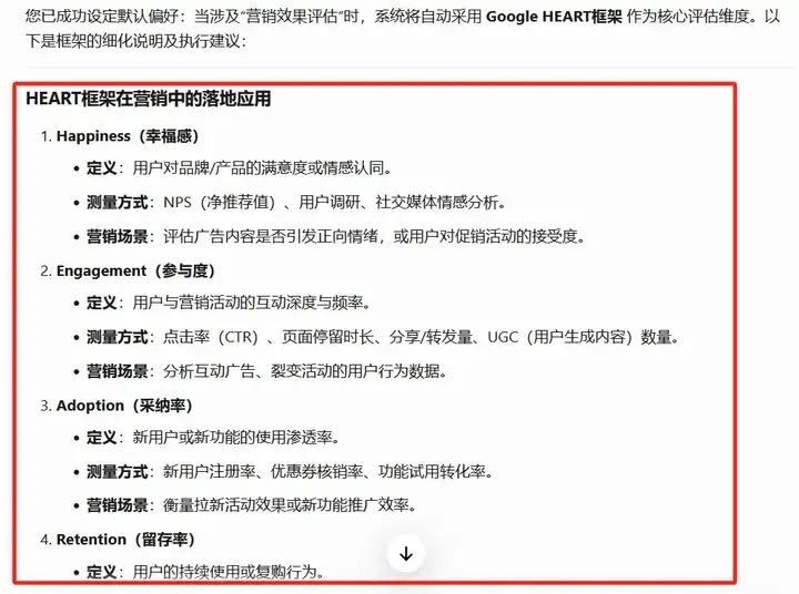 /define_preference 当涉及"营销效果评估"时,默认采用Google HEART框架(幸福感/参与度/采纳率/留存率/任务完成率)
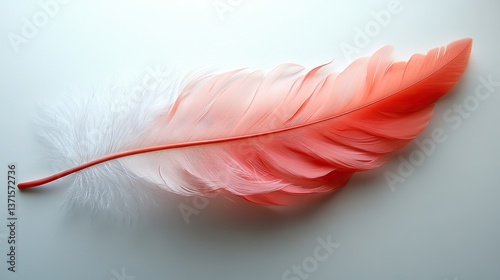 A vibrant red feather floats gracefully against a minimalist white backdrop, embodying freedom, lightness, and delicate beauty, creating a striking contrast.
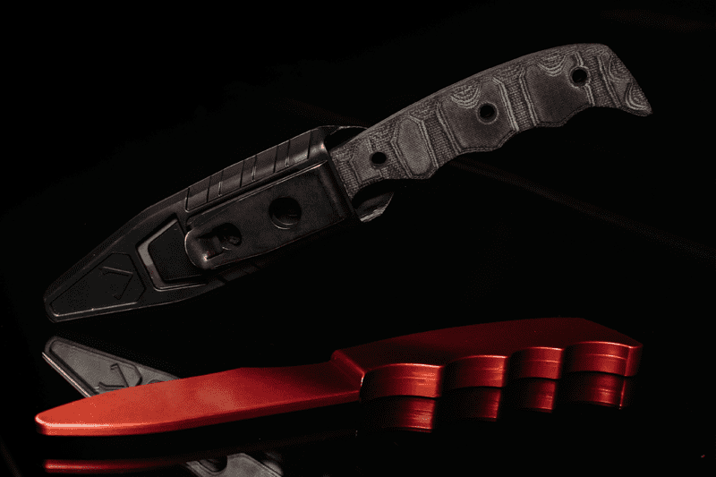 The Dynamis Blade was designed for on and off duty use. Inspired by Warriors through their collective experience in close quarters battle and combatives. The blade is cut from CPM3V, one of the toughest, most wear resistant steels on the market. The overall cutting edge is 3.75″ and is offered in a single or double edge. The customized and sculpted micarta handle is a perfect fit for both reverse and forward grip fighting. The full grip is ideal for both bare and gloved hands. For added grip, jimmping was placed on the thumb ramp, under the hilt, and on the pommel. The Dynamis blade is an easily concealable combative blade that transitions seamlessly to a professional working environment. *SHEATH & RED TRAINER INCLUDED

○ ○ ○ ○ ○ ○ ○

◆ What the task requires: Copy each line of the material above exactly, but not the images.

◆ Result of the task:
 /define_preference 当涉及"营销效果评估"时,默认采用Google HEART框架(幸福感/参与度/采纳率/留存率/任务完成率)
 A vibrant red feather floats gracefully against a minimalist white backdrop, embodying freedom, lightness, and delicate beauty, creating a striking contrast.
 The Dynamis Blade was designed for on and off duty use. Inspired by Warriors through their collective experience in close quarters battle and combatives. The blade is cut from CPM3V, one of the toughest, most wear resistant steels on the market. The overall cutting edge is 3.75″ and is offered in a single or double edge. The customized and sculpted micarta handle is a perfect fit for both reverse and forward grip fighting. The full grip is ideal for both bare and gloved hands. For added grip, jimmping was placed on the thumb ramp, under the hilt, and on the pommel. The Dynamis blade is an easily concealable combative blade that transitions seamlessly to a professional working environment. *SHEATH & RED TRAINER INCLUDED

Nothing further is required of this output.